Tuesday, July 9, 2013

Moab, Utah is a Must Visit

           Today is July 9, 2013, and we are bringing our short visit to Moab, Utah to a conclusion, already! This has been a fun and interesting two day visit to one of the Southwest’s most attractive areas. It is the essence of the rugged beauty that is the Southwestern United States.  

We departed Cortez, Colorado yesterday morning for the 110 mile trip to Moab. The weather was clear at about 75 degrees with no noticeable wind. A wonderful couple of hours to travel. The first 60 miles were over rolling agriculture properties, but this abruptly ended when we drove past the town of Monticello, Utah. The next 50 miles was back to the rugged red rocks that dominate the Southwest.
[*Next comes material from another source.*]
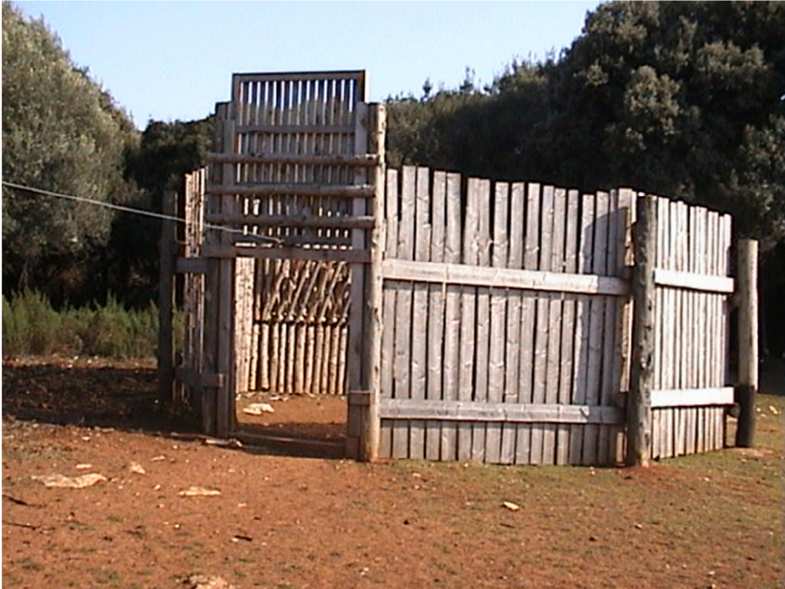
Slika 6: Lovka za jelene u NP Brijuni

As we came upon Moab I don’t know what I was thinking but I sailed right by the Spanish Trail RV Park that would be our home for the next two nights. I had actually forgotten that Spanish Trail was 5 miles from the center of Moab. It is very much a rural atmosphere 5 miles south of Moab. Gas stations, various agriculture businesses, and ranch style houses dot the roadside. Very steep cliffs of southwestern dark-red rock are about a half mile off the west side of the highway. The highway was plenty wide at this point but it still took me a mile to find adequate room to maneuver the 14 ton motorhome, with towed Jeep, into a U-turn. Very light traffic assisted in that effort. 

Spanish Trail RV Park was a highly recommended park in the rating service I use to judge where we want to park for a day or two, or even a week, and it hasn’t disappointed us. We were fully situated in the park by noon. By situated I mean the coach is parked on our assigned spot with the Jeep detached, and the electricity, water, and sewer connections hooked to the coach. It really goes without saying, but I will anyway, the air-conditioner is working like a champ. The heater/air-conditioner works just like a residential unit. A 78 degree setting seems to keep us comfortable when the outside temperature gets around 100. 

The RV Park has its own Wi-Fi connection but in an effort to stay self-sufficient I own a T-Mobile 4G LTE “Hot Spot” for our online connection. Moab is the first neighborhood where I have been able to receive better than a 2G service and this 4G service is amazingly fast. As fast as, if not faster than, the Cox Communications best service back in Las Vegas. 4G is blazing fast! 

We really didn’t get going fast enough yesterday afternoon after our arrival to get out to one of the national parks. We spent the afternoon getting organized by accomplishing a few things we had put off for a week or so. Silly stuff but it’s out of the way now. 

Moab is a small tourist town that services both Arches and Canyonlands National Parks. I noticed also that the town does a big business in various river rides as the mighty Colorado River runs past the edge of town. 

After visiting the local Chinese restaurant in downtown Moab for dinner we spent the remainder of the evening planning our Tuesday (today) for excursions to both the national parks.  

Our plan called for an early start around 7:30 A.M. Arches National Park entrance and visitor’s center is three miles out the north end of Moab and about eight miles from the RV Park. We did get rolling early and got to the park’s visitor’s center about 8 A.M. We watched a short movie about what we were going to see in the park and picked up some maps of the area. The next couple hours were quite interesting as we drove about 15 miles and looked at the various rock formations. The sun wasn’t high yet, and just like the Grand Canyon, Arches is a place of many faces as the sun moves across the sky.

We were back on the highway about 10:30 for the transition to Canyonlands National Park. To get to the visitor’s center at Canyonlands you get back on Highway 191 going north for about 6 miles. Then you follow the signs heading in a southwesterly direction for another 25 miles. The territory you cover to get into Canyonlands is somewhat breath taking as you gain altitude until you arrive at the entrance. A high plains atmosphere.  

We checked in at the visitor’s center where a park ranger advised us to get moving 12 miles across the park where we would meet another ranger who would soon be making a presentation to a gathering on the rim of the canyon. We got there with a couple minutes to spare. The view was so impressive it was hard to fathom the presentation being given which discussed the erosion of the land formations over thousands of years. The presentation was given so close to the canyon rim that it took my toes about an hour to uncurl after catching sight of the 1,000 foot drop! 

I’m not going to go into the data I have read about the employment impact that tourism brings into this area. Suffice it to say it is many employed with tourists generating billions of dollars. 

Janet and I are both happy with our short trip to Moab. Sure, we took some pictures but there isn’t anything like those colorful memories. If you haven’t been here before I would suggest a long weekend of three or four days would get it done. It is worth the drive. 

Tomorrow morning we get underway for the Salt Lake City area. It turns out we had some problems with our reservation at Wasatch Mountain State Park. Therefore, we are checking elsewhere in the area and it isn’t settled yet on this Tuesday evening. 

I hope you are enjoying my ramblings.